START The data
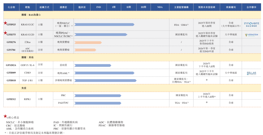 除核心产品外,劲方医药致力于进一步丰富其产品管线组合以超越RAS药物矩阵,例如GFS202A(其自行开发的针对GDF15和IL-6的双特异性抗体)、GFH312(一款自主研发的强效小分子药物),能针对受体相互作用的丝氨酸/苏氨酸蛋白激酶1(RIPK1)并抑制其激酶活性。目前劲方医药已获得国家药监局的批准,在中国开展治疗原发性胆汁性胆管炎(PBC)的GFH312 II期临床。
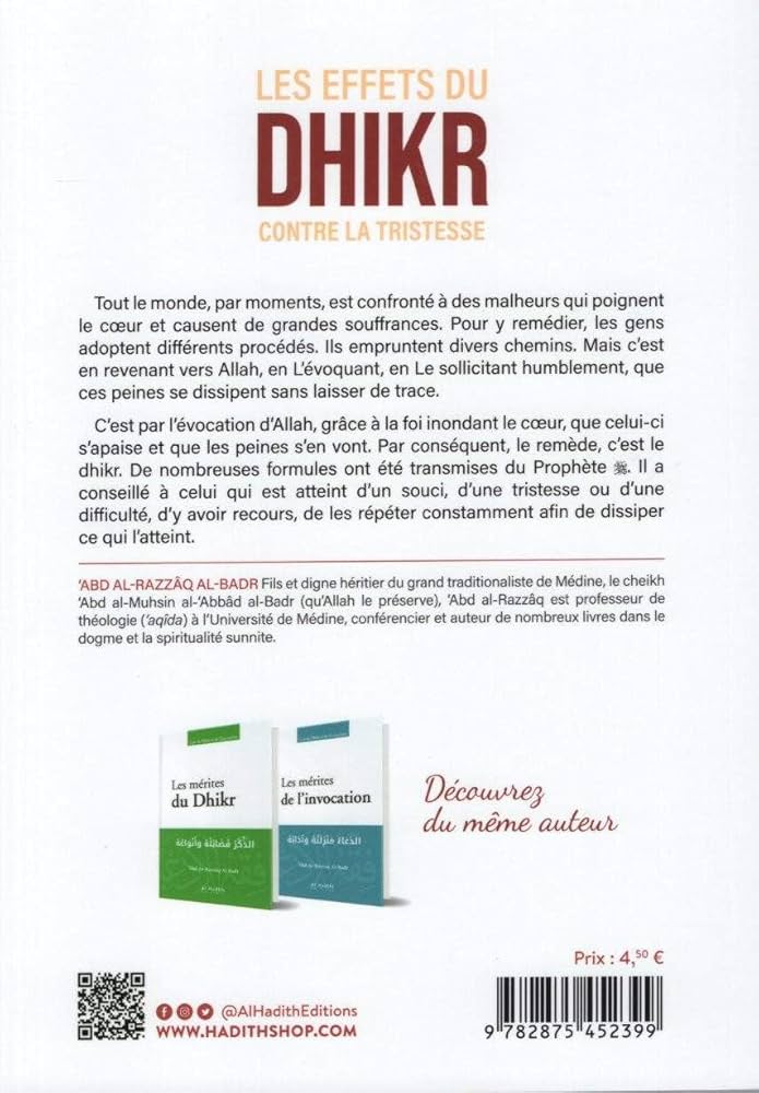 C’est par l’évocation d’Allah, grâce à la foi inondant le cœur, que celui-ci s’apaise et que les peines s’en vont. Par conséquent, le remède, c’est le dhikr. De nombreuses formules ont été transmises du Prophète r. Il a conseillé à celui qui est atteint d’un souci, d’une tristesse ou d’une difficulté, d’y avoir recours, de les répéter constamment afin de dissiper ce qui l’atteint.
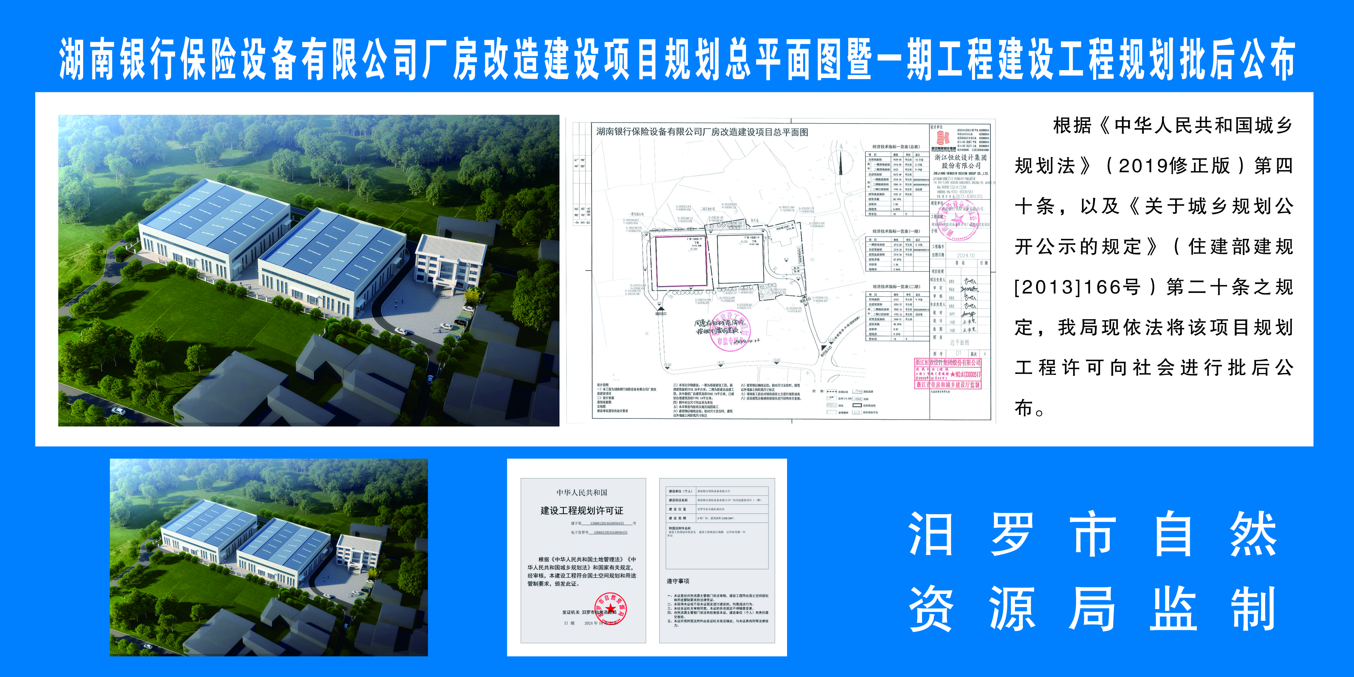 湖南银行保险设备有限公司厂房改造建设项目规划总平面图暨一期工程项目建设工程规划批后公布
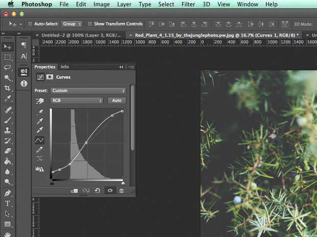 El primer ajuste que vamos a hacer es con la herramienta curvas. Esto se puede acceder haciendo clic en ventana > Ajustes > curvas. Tratar de crear un patrón similar a la curva como se puede ver en la imagen de arriba. Esto aumentar contraste, sacar de las sombras y aclara la imagen.
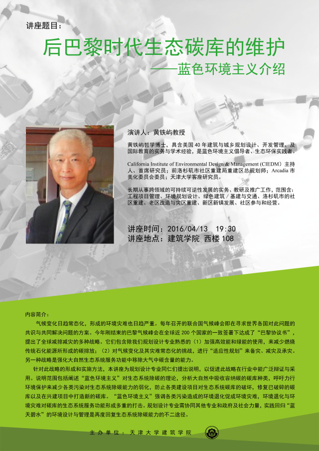 气候变化日趋常态化,形成的环境灾难也日趋严重。每年召开的联合国气候峰会即在寻求世界各国对此问题的共识与共同解决问题的方案。今年刚结束的巴黎气候峰会在全球近200个国家的一致签署下达成了“巴黎协议书”,提出了全球减排减灾的多种战略。它们包含除我们规划设计专业熟悉的(1)加强高效能和绿能的使用,来减少燃烧传统石化能源所形成的碳排放;(2)对气候变化及其灾难常态化的挑战,进行“适应性规划”来备灾、减灾及承灾。另一种战略是强化大自然生态系统服务功能中移除大气中碳含量的能力。针对此战略的形成和实施方法,本讲座为规划设计专业同仁们提出说明,以促进此战略在行业中能广泛辩证与采用。说明范围包括阐述“蓝色环境主义”对生态系统除碳的理论,分析大自然中吸收容纳碳的碳库种类,呼吁力行环境保护来减少各类污染对生态系统除碳能力的弱化,防止各类建设项目对生态系统碳库的破坏,修复已破碎的碳库以及在兴建项目中打造新的碳库。“蓝色环境主义”强调各类污染造成的环境退化促成环境灾难,环境退化与环境灾难对碳库的生态系统服务功能形成多重的打击。规划设计专业需协同其他专业和政府及社会力量,实践回归“蓝天碧水”的环境设计与管理是再度回复生态系统除碳能力的不二途径。
END The data
▶ [Brief]:
Your task is to reproduce exactly the lines running from the line that contains "C’est par l’évocation" to the end of the records, pictures excluded.

▶ [Final answer]:
 C’est par l’évocation d’Allah, grâce à la foi inondant le cœur, que celui-ci s’apaise et que les peines s’en vont. Par conséquent, le remède, c’est le dhikr. De nombreuses formules ont été transmises du Prophète r. Il a conseillé à celui qui est atteint d’un souci, d’une tristesse ou d’une difficulté, d’y avoir recours, de les répéter constamment afin de dissiper ce qui l’atteint.
 湖南银行保险设备有限公司厂房改造建设项目规划总平面图暨一期工程项目建设工程规划批后公布
 El primer ajuste que vamos a hacer es con la herramienta curvas. Esto se puede acceder haciendo clic en ventana > Ajustes > curvas. Tratar de crear un patrón similar a la curva como se puede ver en la imagen de arriba. Esto aumentar contraste, sacar de las sombras y aclara la imagen.
 气候变化日趋常态化,形成的环境灾难也日趋严重。每年召开的联合国气候峰会即在寻求世界各国对此问题的共识与共同解决问题的方案。今年刚结束的巴黎气候峰会在全球近200个国家的一致签署下达成了“巴黎协议书”,提出了全球减排减灾的多种战略。它们包含除我们规划设计专业熟悉的(1)加强高效能和绿能的使用,来减少燃烧传统石化能源所形成的碳排放;(2)对气候变化及其灾难常态化的挑战,进行“适应性规划”来备灾、减灾及承灾。另一种战略是强化大自然生态系统服务功能中移除大气中碳含量的能力。针对此战略的形成和实施方法,本讲座为规划设计专业同仁们提出说明,以促进此战略在行业中能广泛辩证与采用。说明范围包括阐述“蓝色环境主义”对生态系统除碳的理论,分析大自然中吸收容纳碳的碳库种类,呼吁力行环境保护来减少各类污染对生态系统除碳能力的弱化,防止各类建设项目对生态系统碳库的破坏,修复已破碎的碳库以及在兴建项目中打造新的碳库。“蓝色环境主义”强调各类污染造成的环境退化促成环境灾难,环境退化与环境灾难对碳库的生态系统服务功能形成多重的打击。规划设计专业需协同其他专业和政府及社会力量,实践回归“蓝天碧水”的环境设计与管理是再度回复生态系统除碳能力的不二途径。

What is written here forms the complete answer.